- Exercise objective -
Write out the records below from the first line through the line containing "Valeria - Sukienka", leaving out any pictures.

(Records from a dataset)

--------------------------------

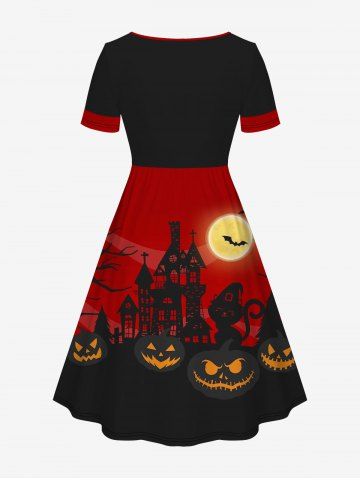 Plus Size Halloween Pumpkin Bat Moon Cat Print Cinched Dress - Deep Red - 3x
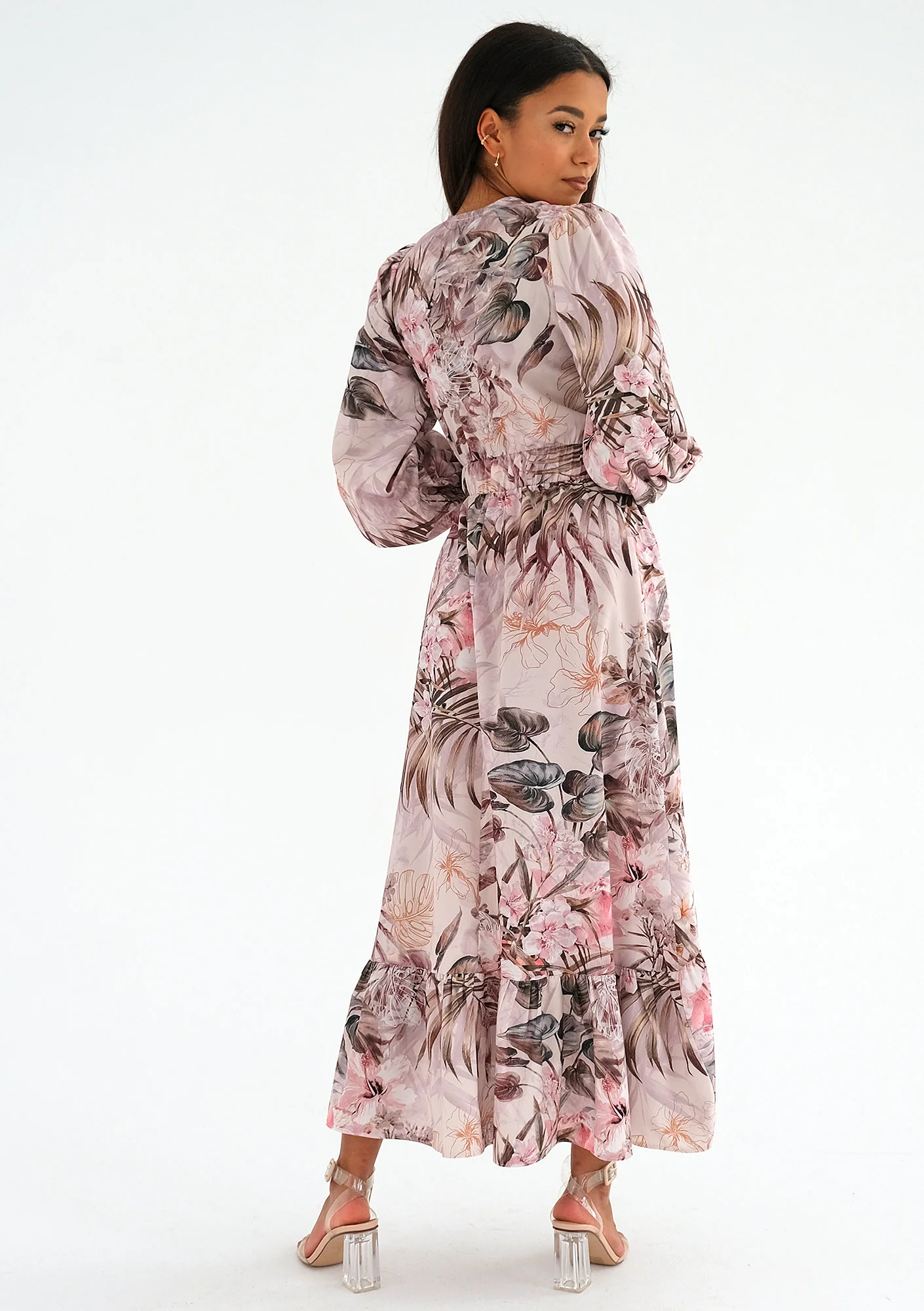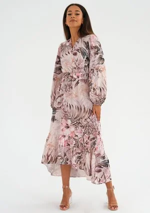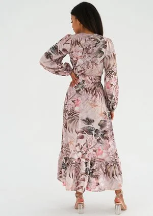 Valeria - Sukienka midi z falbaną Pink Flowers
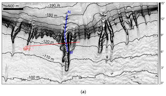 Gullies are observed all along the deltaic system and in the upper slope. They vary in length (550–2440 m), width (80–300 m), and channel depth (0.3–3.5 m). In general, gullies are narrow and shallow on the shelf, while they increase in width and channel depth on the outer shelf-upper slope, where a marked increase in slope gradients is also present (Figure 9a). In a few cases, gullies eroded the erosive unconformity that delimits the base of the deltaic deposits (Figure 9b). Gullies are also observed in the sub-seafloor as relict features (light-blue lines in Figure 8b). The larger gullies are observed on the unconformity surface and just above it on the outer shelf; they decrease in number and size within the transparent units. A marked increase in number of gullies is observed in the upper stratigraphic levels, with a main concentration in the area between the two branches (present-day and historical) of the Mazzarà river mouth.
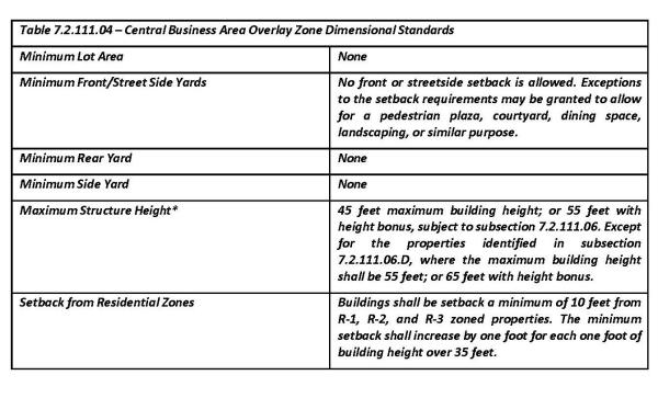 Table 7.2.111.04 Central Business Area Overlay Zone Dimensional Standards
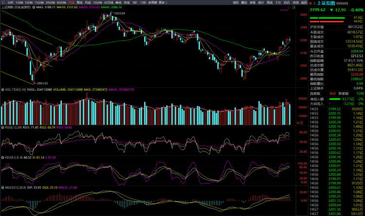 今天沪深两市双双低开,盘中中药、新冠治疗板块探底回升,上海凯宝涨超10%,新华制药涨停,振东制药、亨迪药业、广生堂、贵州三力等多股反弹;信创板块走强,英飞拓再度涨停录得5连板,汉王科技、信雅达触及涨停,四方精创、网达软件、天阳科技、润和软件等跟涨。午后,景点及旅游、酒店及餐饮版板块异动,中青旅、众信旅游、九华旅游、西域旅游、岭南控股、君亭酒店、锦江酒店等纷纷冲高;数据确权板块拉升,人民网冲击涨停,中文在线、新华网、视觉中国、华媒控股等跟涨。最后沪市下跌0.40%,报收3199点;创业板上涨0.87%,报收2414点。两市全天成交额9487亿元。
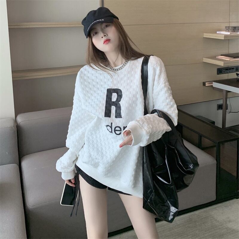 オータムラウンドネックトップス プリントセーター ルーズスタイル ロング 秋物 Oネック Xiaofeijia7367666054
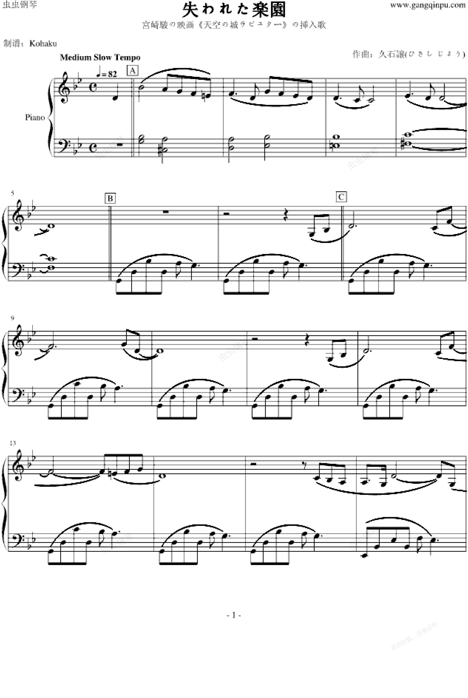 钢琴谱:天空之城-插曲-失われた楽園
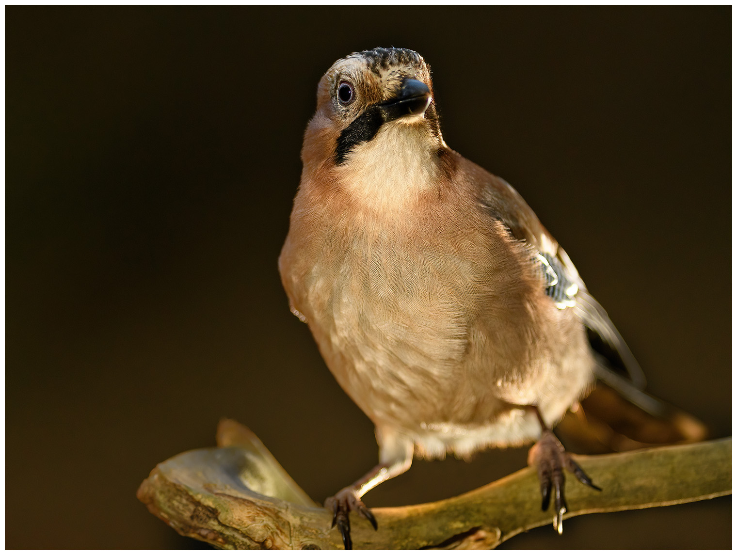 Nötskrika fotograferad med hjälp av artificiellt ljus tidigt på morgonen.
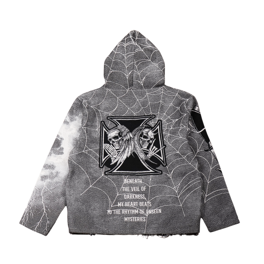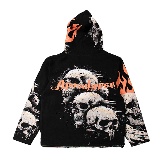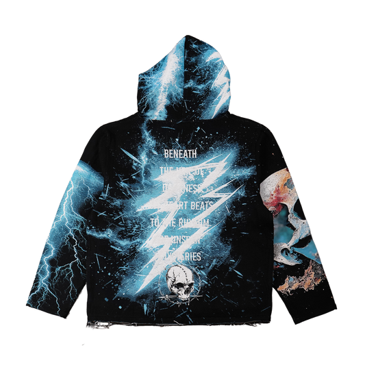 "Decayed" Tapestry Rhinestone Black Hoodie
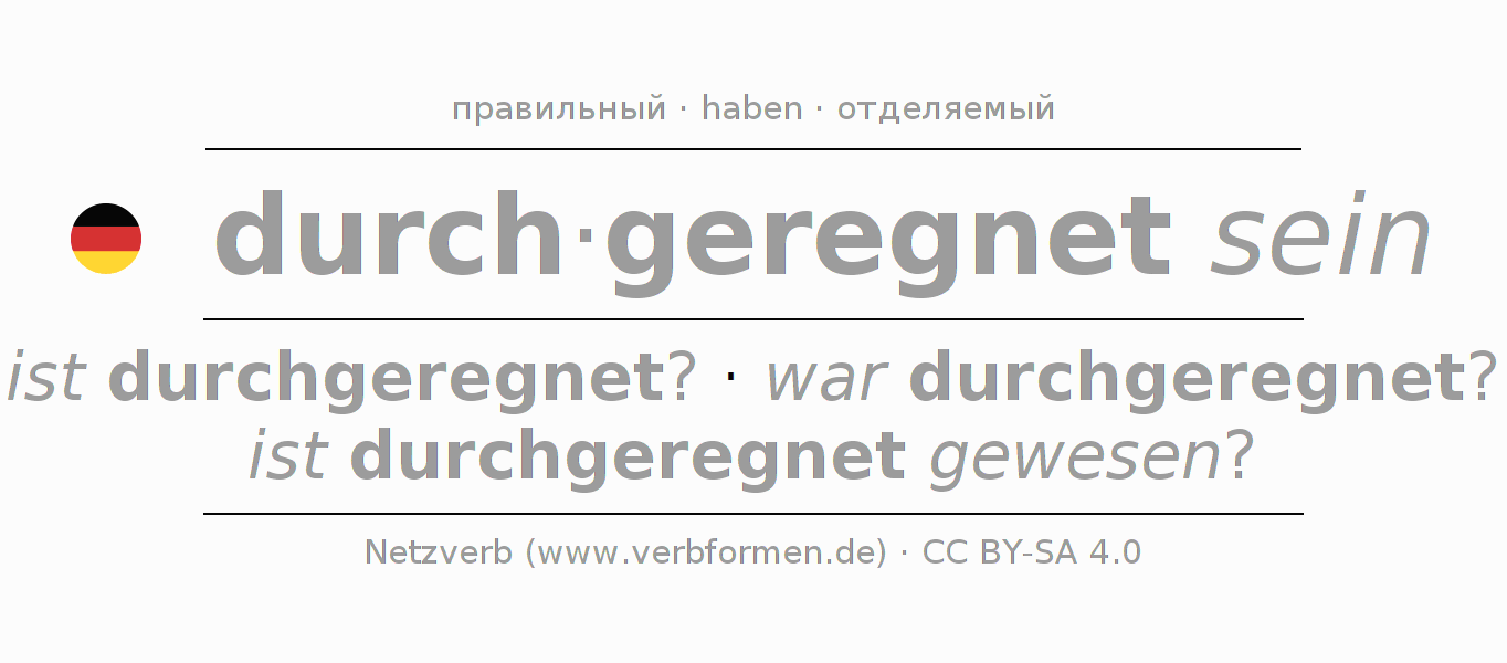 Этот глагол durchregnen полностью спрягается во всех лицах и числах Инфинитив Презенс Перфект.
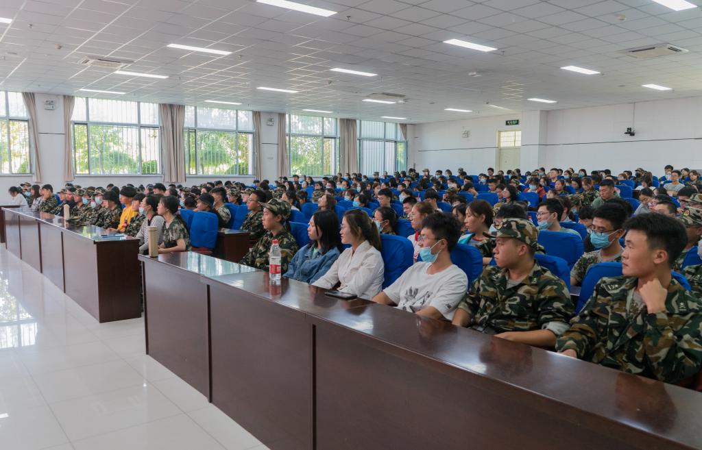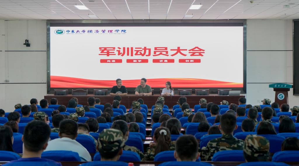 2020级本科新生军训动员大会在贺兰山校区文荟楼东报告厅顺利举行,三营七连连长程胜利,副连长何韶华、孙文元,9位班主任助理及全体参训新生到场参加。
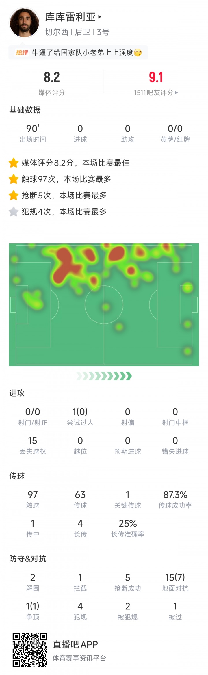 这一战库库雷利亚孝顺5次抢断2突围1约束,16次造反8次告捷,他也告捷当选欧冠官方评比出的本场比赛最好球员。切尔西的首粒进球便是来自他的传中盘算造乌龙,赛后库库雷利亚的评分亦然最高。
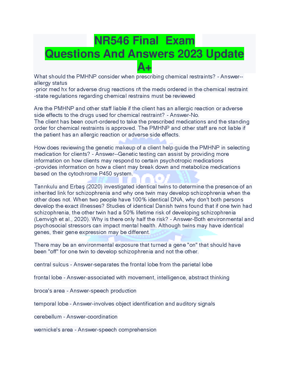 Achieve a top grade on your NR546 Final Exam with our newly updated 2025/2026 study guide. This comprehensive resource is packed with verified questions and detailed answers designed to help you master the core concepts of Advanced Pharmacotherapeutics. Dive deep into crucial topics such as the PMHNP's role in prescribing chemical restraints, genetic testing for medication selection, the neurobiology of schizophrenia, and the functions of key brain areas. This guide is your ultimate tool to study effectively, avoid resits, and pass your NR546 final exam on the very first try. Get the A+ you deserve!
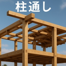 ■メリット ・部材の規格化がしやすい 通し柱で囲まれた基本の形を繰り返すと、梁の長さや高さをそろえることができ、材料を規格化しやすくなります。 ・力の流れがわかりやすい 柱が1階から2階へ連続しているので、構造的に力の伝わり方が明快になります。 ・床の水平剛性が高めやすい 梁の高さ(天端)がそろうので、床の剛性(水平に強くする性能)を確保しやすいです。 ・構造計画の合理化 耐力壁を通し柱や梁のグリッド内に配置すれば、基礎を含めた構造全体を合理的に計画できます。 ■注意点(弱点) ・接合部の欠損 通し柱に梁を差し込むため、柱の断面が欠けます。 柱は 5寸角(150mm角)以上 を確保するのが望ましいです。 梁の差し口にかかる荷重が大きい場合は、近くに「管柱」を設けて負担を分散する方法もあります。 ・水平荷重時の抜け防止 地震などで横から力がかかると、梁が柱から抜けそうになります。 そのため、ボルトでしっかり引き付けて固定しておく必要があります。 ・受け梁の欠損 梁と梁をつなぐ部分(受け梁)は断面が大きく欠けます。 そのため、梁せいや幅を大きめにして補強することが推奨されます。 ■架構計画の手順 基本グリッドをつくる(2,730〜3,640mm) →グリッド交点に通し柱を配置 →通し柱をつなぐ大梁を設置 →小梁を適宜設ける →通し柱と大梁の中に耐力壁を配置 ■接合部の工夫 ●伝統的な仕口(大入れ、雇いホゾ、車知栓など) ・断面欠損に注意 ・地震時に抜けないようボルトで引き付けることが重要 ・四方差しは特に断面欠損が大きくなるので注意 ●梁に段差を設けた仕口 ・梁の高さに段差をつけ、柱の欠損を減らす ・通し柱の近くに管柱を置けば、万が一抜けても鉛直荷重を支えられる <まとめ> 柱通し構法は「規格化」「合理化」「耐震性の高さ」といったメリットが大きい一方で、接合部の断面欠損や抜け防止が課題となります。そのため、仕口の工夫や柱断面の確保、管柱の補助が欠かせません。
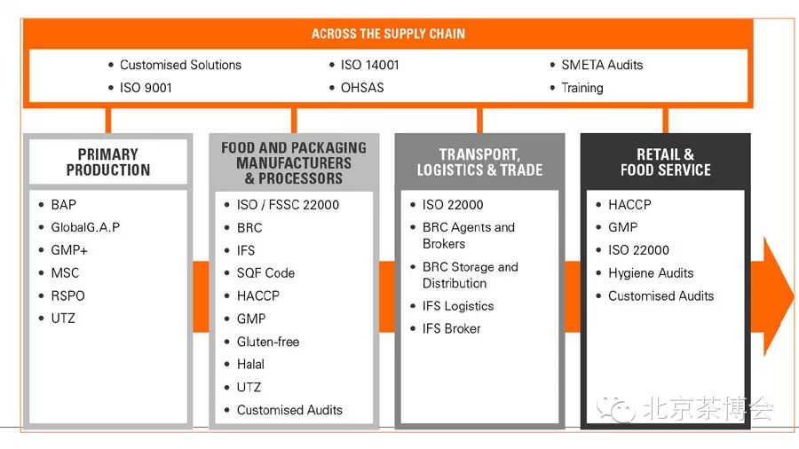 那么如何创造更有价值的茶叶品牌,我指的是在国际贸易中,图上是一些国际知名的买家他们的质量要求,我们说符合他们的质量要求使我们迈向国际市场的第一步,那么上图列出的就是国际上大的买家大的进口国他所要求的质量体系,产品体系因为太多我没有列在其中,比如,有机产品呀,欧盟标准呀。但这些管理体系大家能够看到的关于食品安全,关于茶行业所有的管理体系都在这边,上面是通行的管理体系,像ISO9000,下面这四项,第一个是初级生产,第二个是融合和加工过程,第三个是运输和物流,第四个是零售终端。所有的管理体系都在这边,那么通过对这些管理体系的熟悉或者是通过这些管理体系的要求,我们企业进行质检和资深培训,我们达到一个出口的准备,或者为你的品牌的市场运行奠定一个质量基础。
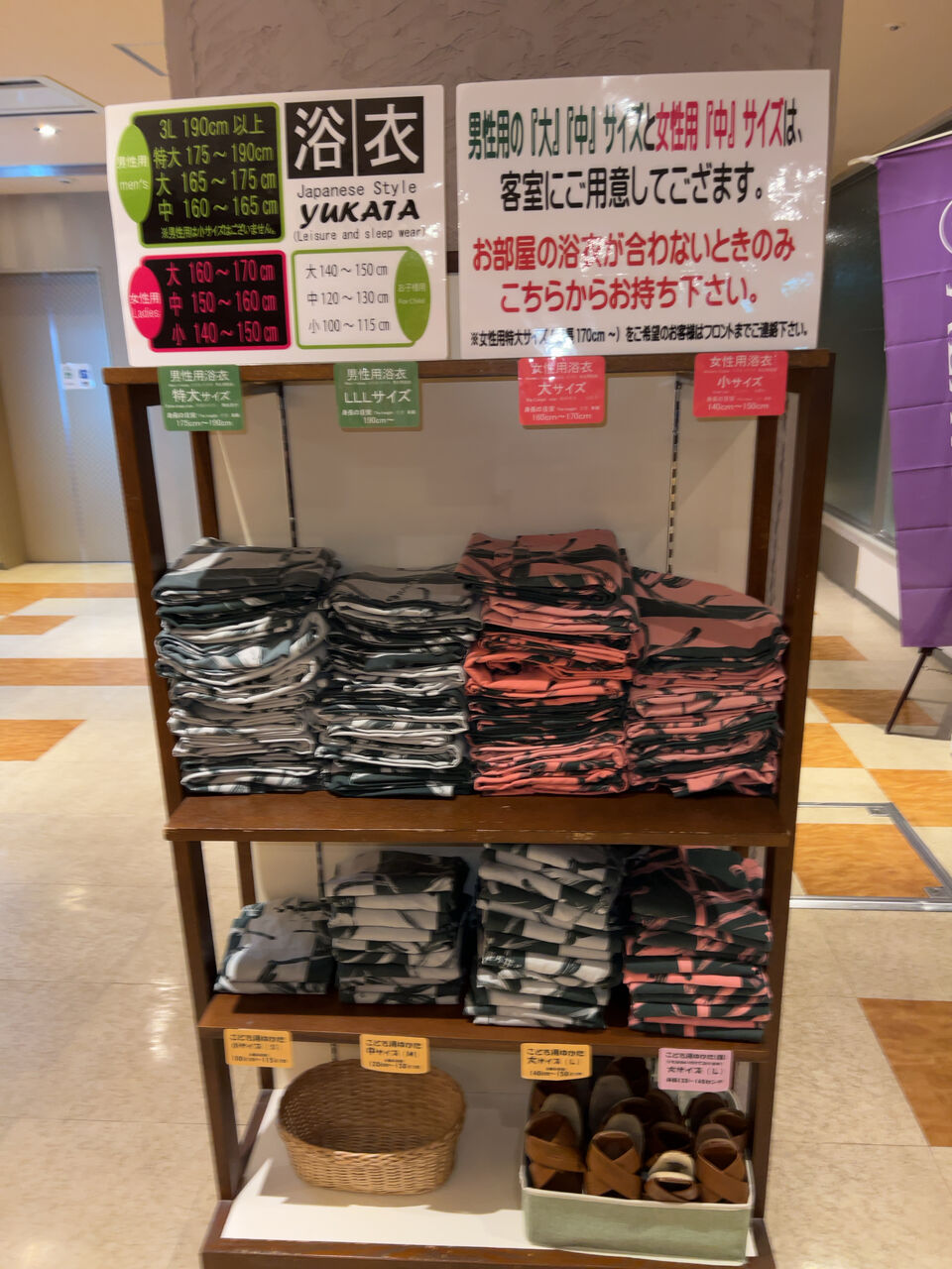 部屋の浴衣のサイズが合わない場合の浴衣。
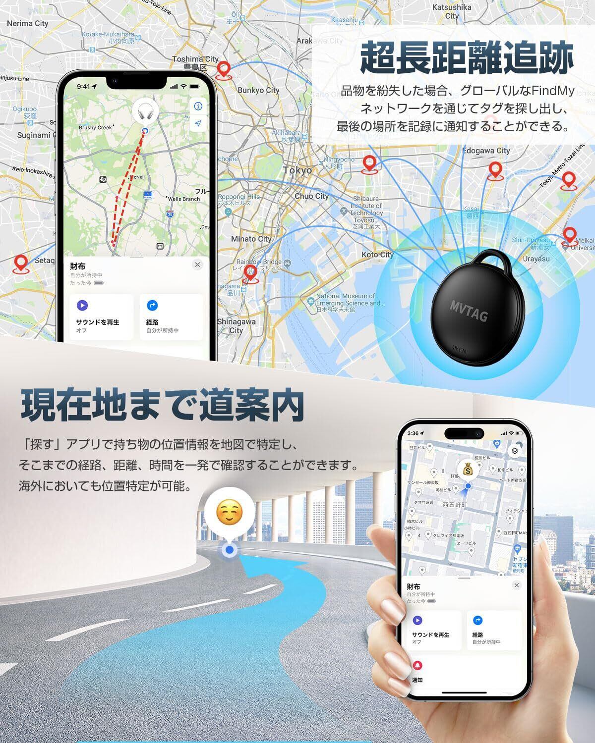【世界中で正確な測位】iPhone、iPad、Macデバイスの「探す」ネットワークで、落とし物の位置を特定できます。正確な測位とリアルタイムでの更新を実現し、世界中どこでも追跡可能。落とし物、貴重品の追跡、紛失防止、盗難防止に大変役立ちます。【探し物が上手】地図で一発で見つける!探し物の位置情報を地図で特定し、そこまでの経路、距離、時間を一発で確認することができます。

--------------------------------

- Task output -
 Plus Size Halloween Pumpkin Bat Moon Cat Print Cinched Dress - Deep Red - 3x
 Valeria - Sukienka midi z falbaną Pink Flowers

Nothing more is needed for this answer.